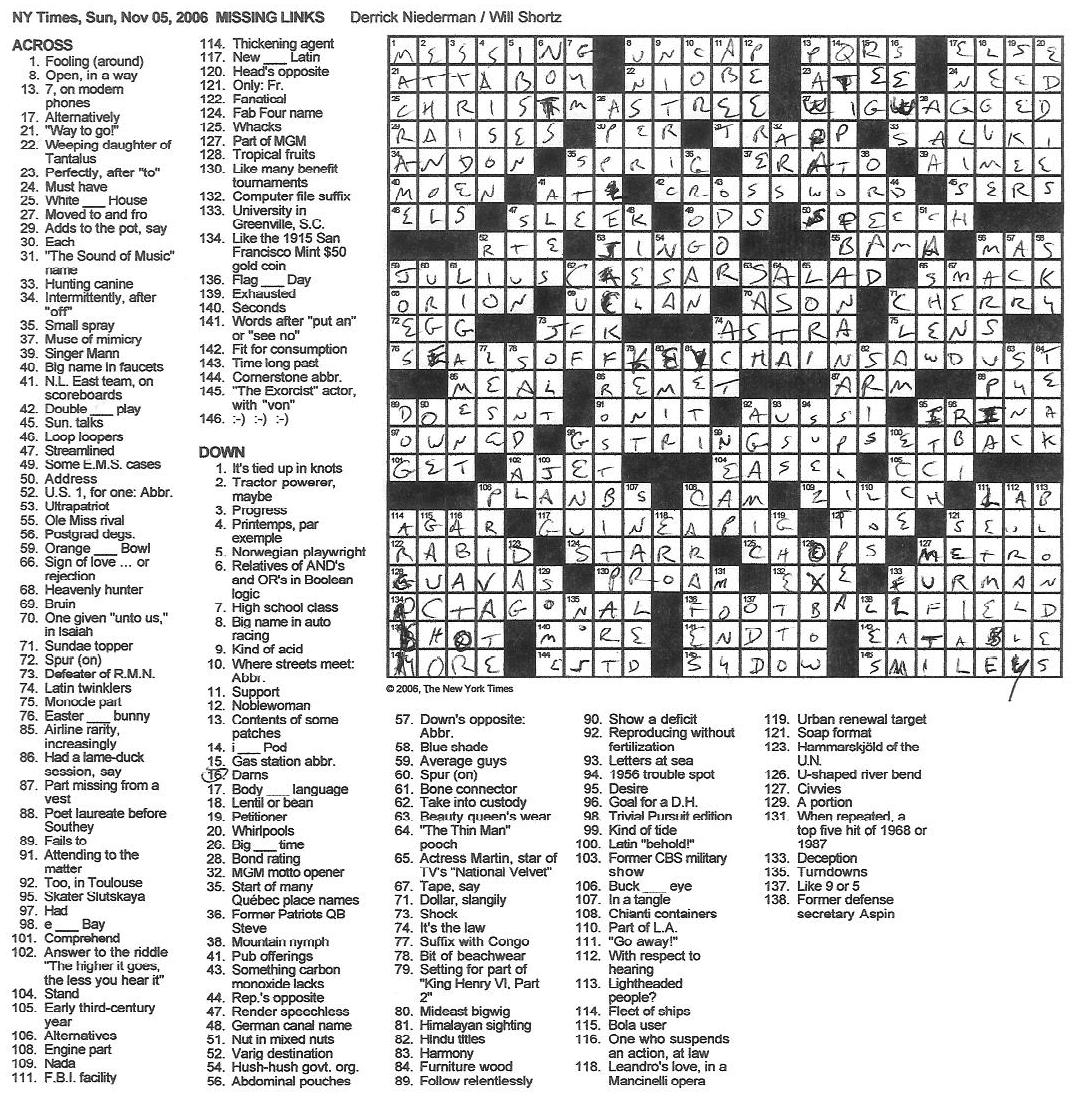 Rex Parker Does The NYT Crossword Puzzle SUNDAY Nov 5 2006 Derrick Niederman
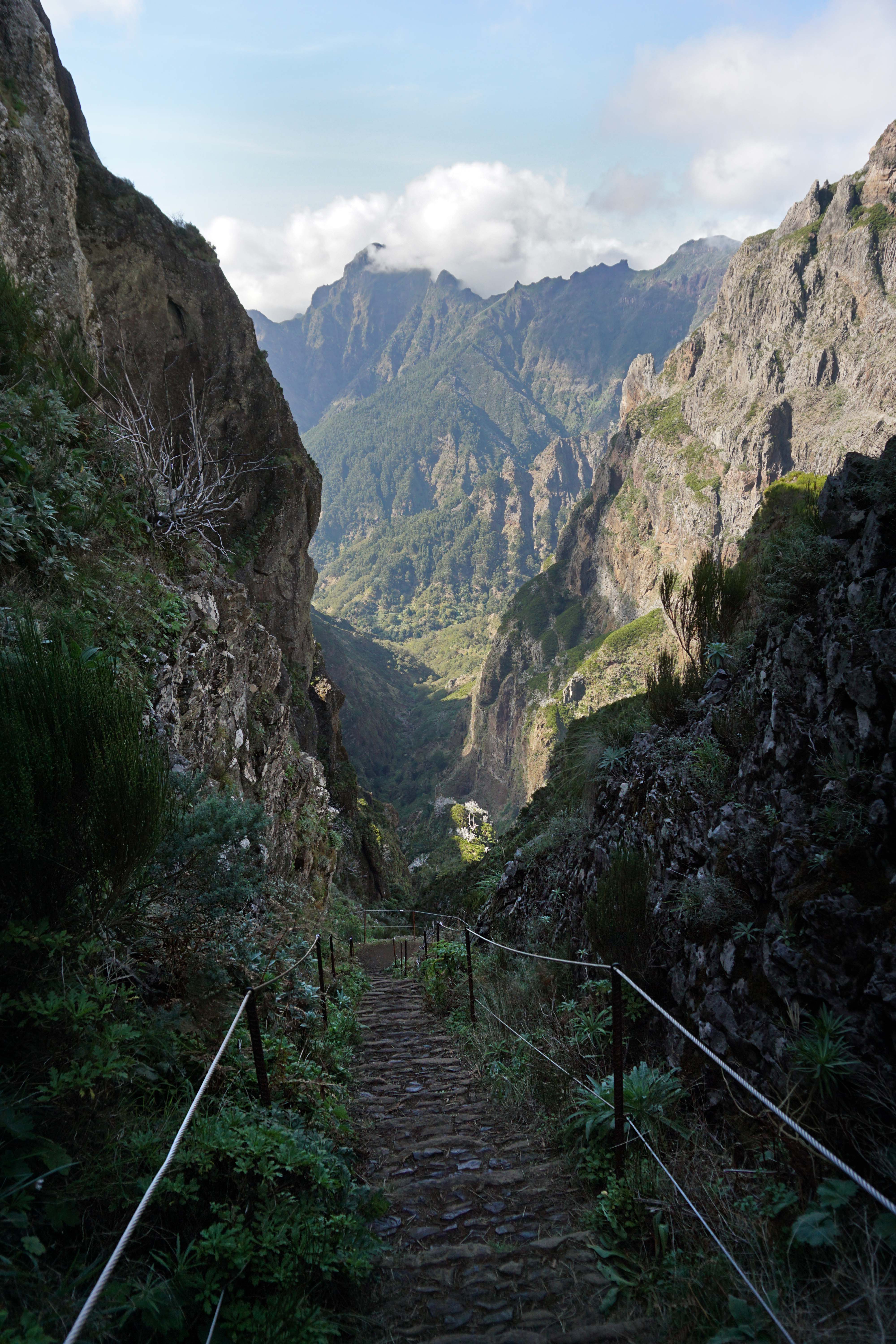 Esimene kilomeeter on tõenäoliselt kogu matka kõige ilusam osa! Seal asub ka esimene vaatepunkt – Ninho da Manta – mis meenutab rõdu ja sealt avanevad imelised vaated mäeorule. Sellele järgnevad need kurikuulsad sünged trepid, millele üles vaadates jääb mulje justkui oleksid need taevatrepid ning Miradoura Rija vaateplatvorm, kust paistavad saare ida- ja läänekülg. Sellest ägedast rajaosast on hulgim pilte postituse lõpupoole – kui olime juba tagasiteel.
○ ○ ○ ○ ○
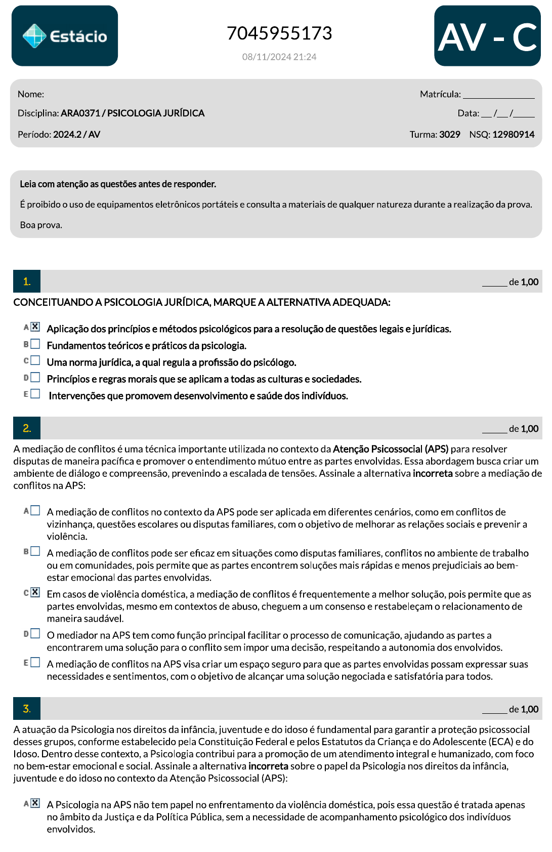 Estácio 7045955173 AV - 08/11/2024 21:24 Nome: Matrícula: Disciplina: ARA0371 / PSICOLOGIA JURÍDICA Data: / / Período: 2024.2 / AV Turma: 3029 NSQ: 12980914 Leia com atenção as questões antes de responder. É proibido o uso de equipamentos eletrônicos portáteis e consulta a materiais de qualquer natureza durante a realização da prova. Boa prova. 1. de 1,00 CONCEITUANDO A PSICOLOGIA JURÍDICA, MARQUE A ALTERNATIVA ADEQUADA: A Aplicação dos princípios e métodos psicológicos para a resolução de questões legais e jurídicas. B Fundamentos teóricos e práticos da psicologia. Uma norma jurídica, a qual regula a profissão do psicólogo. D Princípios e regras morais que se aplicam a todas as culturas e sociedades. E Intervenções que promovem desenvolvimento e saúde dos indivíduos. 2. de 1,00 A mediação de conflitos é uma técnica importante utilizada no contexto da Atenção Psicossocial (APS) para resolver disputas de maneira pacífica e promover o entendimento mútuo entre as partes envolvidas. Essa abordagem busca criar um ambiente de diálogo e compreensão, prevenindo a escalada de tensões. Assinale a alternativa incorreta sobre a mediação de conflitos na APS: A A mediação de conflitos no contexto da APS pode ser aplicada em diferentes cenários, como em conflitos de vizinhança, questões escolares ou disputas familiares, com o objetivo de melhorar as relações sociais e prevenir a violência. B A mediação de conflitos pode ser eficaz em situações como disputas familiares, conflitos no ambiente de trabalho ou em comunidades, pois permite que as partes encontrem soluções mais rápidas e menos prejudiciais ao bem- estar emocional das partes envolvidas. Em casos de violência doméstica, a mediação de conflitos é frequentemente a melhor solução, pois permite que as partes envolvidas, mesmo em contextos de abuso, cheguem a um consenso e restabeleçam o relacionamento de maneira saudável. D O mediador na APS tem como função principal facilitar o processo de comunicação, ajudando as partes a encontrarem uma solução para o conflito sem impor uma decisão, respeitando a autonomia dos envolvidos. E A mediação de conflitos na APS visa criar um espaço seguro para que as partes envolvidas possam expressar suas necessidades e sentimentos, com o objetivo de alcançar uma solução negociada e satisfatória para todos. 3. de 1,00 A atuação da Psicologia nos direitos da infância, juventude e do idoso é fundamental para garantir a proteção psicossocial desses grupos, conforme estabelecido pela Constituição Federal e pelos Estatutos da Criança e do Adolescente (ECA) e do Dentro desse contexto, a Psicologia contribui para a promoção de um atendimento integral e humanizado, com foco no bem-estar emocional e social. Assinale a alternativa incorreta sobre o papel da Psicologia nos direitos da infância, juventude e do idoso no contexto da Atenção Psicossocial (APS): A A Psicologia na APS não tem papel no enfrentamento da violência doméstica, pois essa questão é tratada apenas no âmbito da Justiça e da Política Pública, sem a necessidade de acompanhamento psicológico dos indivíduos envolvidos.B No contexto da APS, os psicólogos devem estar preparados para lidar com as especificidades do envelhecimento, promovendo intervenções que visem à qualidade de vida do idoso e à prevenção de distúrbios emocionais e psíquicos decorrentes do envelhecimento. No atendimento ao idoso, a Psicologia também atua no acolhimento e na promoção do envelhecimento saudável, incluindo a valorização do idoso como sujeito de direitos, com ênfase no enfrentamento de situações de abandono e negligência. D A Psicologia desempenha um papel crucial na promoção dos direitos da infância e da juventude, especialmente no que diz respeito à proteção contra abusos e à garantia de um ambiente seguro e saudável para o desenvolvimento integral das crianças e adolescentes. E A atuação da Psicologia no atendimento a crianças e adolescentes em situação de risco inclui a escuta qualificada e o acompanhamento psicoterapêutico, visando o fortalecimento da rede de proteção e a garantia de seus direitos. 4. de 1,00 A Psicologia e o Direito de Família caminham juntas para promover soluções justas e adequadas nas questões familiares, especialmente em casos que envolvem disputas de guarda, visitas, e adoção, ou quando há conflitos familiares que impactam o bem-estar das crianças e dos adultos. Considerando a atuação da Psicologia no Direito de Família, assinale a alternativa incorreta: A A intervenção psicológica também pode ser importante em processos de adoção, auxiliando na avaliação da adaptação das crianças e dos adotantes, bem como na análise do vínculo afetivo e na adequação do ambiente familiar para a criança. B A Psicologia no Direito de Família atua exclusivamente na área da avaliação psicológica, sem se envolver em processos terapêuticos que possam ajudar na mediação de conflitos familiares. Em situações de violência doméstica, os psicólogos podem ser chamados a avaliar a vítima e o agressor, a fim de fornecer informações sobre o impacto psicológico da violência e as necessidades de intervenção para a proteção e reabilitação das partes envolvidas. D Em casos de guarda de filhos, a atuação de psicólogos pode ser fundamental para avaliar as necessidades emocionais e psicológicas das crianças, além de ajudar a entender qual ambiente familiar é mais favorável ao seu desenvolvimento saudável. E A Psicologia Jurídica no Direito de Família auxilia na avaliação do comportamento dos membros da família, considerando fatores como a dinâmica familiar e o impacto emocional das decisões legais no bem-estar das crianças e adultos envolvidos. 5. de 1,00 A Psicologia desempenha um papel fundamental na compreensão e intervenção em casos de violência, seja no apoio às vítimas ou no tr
○ ○ ○ ○ ○
Task prompt:
In the listing above, find the line with "Rex Parker Does" and output it and every line after it up to and including the line with "Esimene kilomeeter on", exactly, minus the pictures.

Exercise result:
 Rex Parker Does The NYT Crossword Puzzle SUNDAY Nov 5 2006 Derrick Niederman
 Esimene kilomeeter on tõenäoliselt kogu matka kõige ilusam osa! Seal asub ka esimene vaatepunkt – Ninho da Manta – mis meenutab rõdu ja sealt avanevad imelised vaated mäeorule. Sellele järgnevad need kurikuulsad sünged trepid, millele üles vaadates jääb mulje justkui oleksid need taevatrepid ning Miradoura Rija vaateplatvorm, kust paistavad saare ida- ja läänekülg. Sellest ägedast rajaosast on hulgim pilte postituse lõpupoole – kui olime juba tagasiteel.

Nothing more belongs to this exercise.